I have been putting off adjusting the brakes on my unit for some time now. In fact, last winter I was at the auto parts store, walking down an isle and spotted a brake adjustment tool. I grabbed it, tossed it in my tool box where it is still sitting today, still in it's package. My question is, what is the difference between jacking up the tt and climbing under it to manually adjusting the brakes vs. simply adjusting the gain on my brake controller?


----------



## Nathan (Jan 2, 2007)

Manually adjusting the brakes will compensate for wear and will ensure they are all being applied evenly. The brake controller will simply adjust the amount of braking for a given decelleration detected by the brake controller. In short, definetly adjust the brakes and then confirm the brake controller settings are still correct.


----------



## map guy (Jan 11, 2007)

Manually adjusting the brakes is removing the excessive clearance between the the brakes shoes and the brake drums. This ensures that braking action is not mechanically delayed due to the need to move the brake shoe a larger distance before the friction interface occurs between the the shoe and drum. Adjusting your brake controller only modifies the electronic signal being sent to the magnets that effect the movement of the brake shoe at each wheel. Increasing the intensity or timing of the brake controller signal will not make up for the excessive clearance between the shoe and a drum.

Map Guy


----------



## H2oSprayer (Aug 5, 2006)

Okay, thanks for the clarification guys. I can see that a brake adjustment is in my near future. I know that we talked about this one awhile back, but I can't find the thread. What is the preferred way of raising the TT? Jack under frame, behind wheel?


----------



## cookie9933 (Feb 26, 2005)

map guy said:


> Manually adjusting the brakes is removing the excessive clearance between the the brakes shoes and the brake drums. This ensures that braking action is not mechanically delayed due to the need to move the brake shoe a larger distance before the friction interface occurs between the the shoe and drum.Map Guy


Not only is the braking not delayed when the brakes are properly adjusted, but the braking power is usually increased as well. As you use your drum brakes, the lining will eventually wear enough that full-on braking doesn't generate much braking force. Adjusting the brakes (the drum/lining clearance) will restore maximum braking,whatever that may be.

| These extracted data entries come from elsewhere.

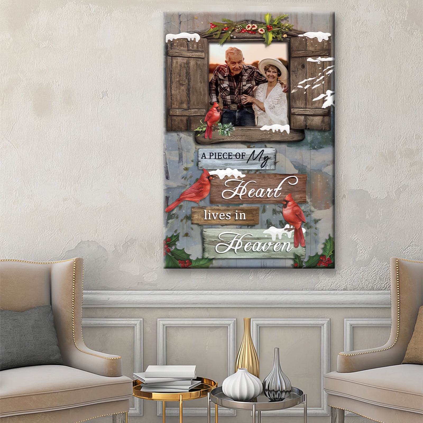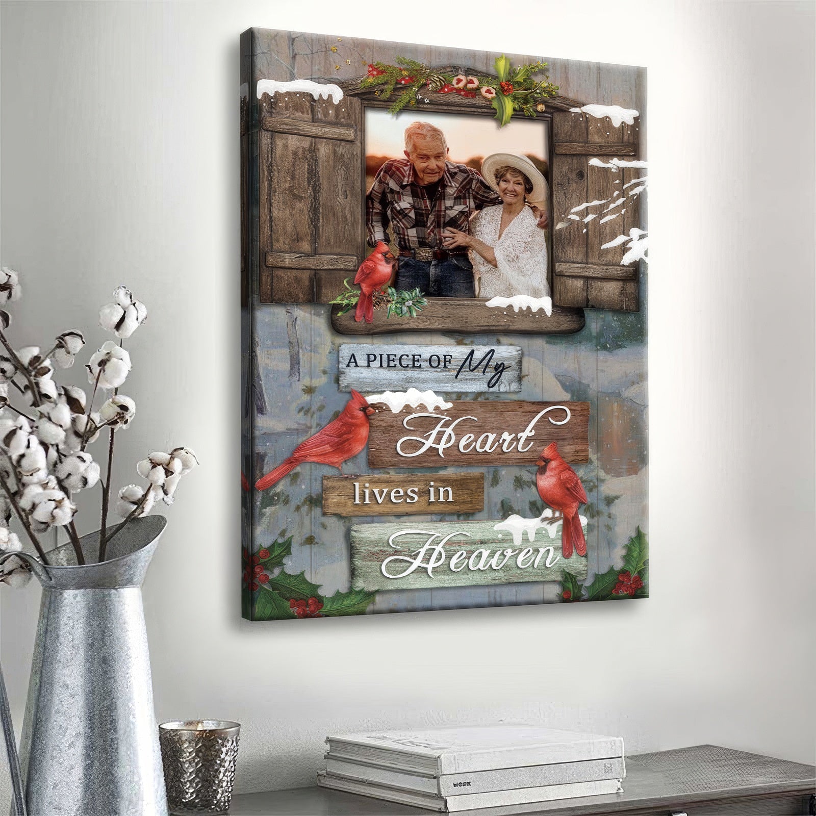 A Piece Of My Heart Lives In Heaven Custom Memorial Canvas Wall Art, Gift For Loss Of Loved One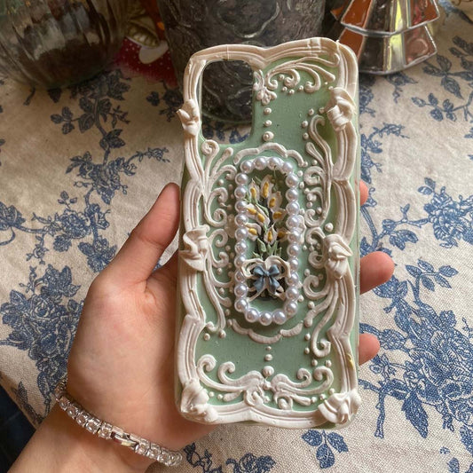 Handmade Palace Ladies 3d Oil Painting Retro Cream Phone Case (Customizable) | ZAKAPOP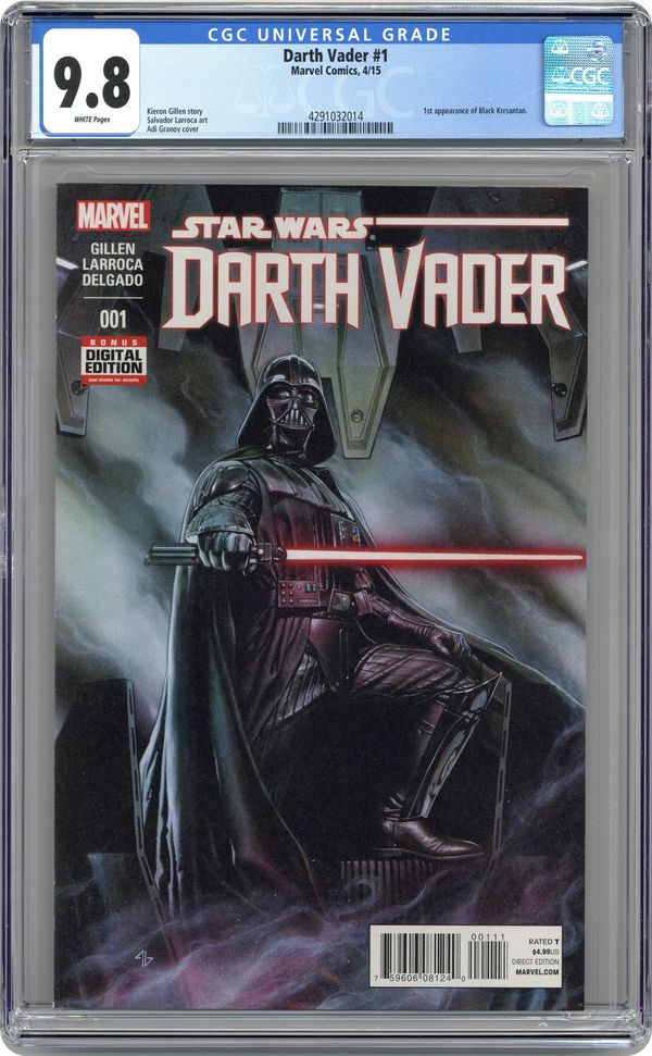 Ended Oct 20 2023 Winning Bid $80 Written by Kieron Gillen. Art by Salvador Larroca. Cover by Adi Granov. The original Dark Lord of the Sith stars in his first ongoing series! Ever since Darth Vader made his first on-screen appearance, he became the one of the most popular villains to ever haunt an audience's dreams! Now, follow Vader straight from the ending of A NEW HOPE (and the pages of the new STAR WARS comic book) into his own series, showing the Empire's war with the Rebel Alliance from the other side! 44 pages, full color. Rated T Cover price $4.99. Grade: CGC 9.8 explanation of grade Condition: Used (collectible)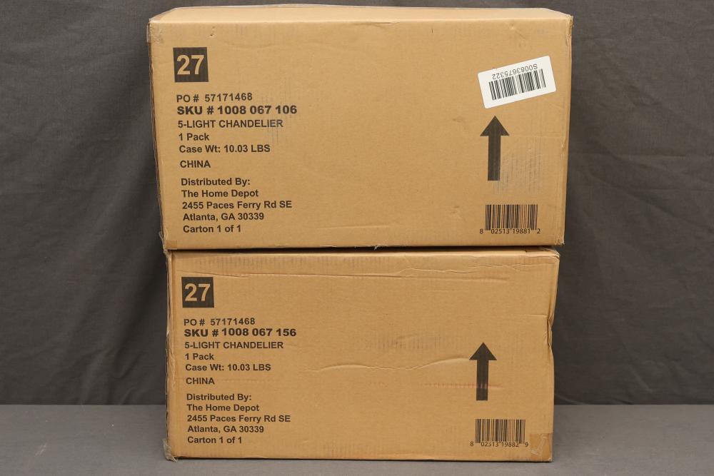 Two Home Decorators Collection 5-Light Chandeliers - One in Brushed Nickel Finish with White Fabric Shade, one in Matte Black Finish with White Fabric Shade. Each chandelier features a modern design, suitable for various room settings. Pickup only.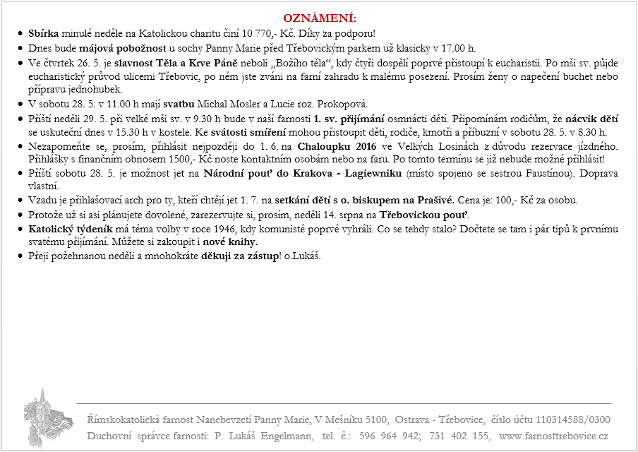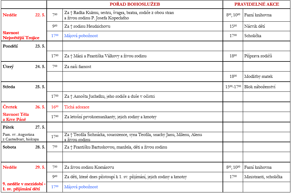 Slavnost Nejsvětější Trojice V neděli 22. května slavíme Slavnost Nejsvětější Trojice. Prohlédněte si pořad bohoslužeb a ohlášky. Previous postSlavnost Seslání Ducha Svatého Next postNoc Kostelů Komentáře nejsou povoleny.

This assumes that all components are functional. Bear in mind that electic trailer brakes do NOT have the braking abilities of hydraulic brakes, such as on your TV. Trailer brakes definitely do a lot of good when adjusted and operating properly, but their inherent nature recommends towing at a sane speed (which is a lot less than what you might drive when not towing).

Bill


----------



## kjdj (Sep 14, 2004)

Great point Bill,

The electric part is an electro magnet that attracks to the side of the forward rotating brake drum. This actuates a lever that expands the shoes. The turning of the wheel and drum actualy create the force to apply the braking action.

Which brings up a great question. My (Prod)controller says it works in reverse.
The trailer brakes due to the design don't work in reverse. The tires have to be spinning forward for the lever to engage the shoes.

Is this deceptive advertising?


----------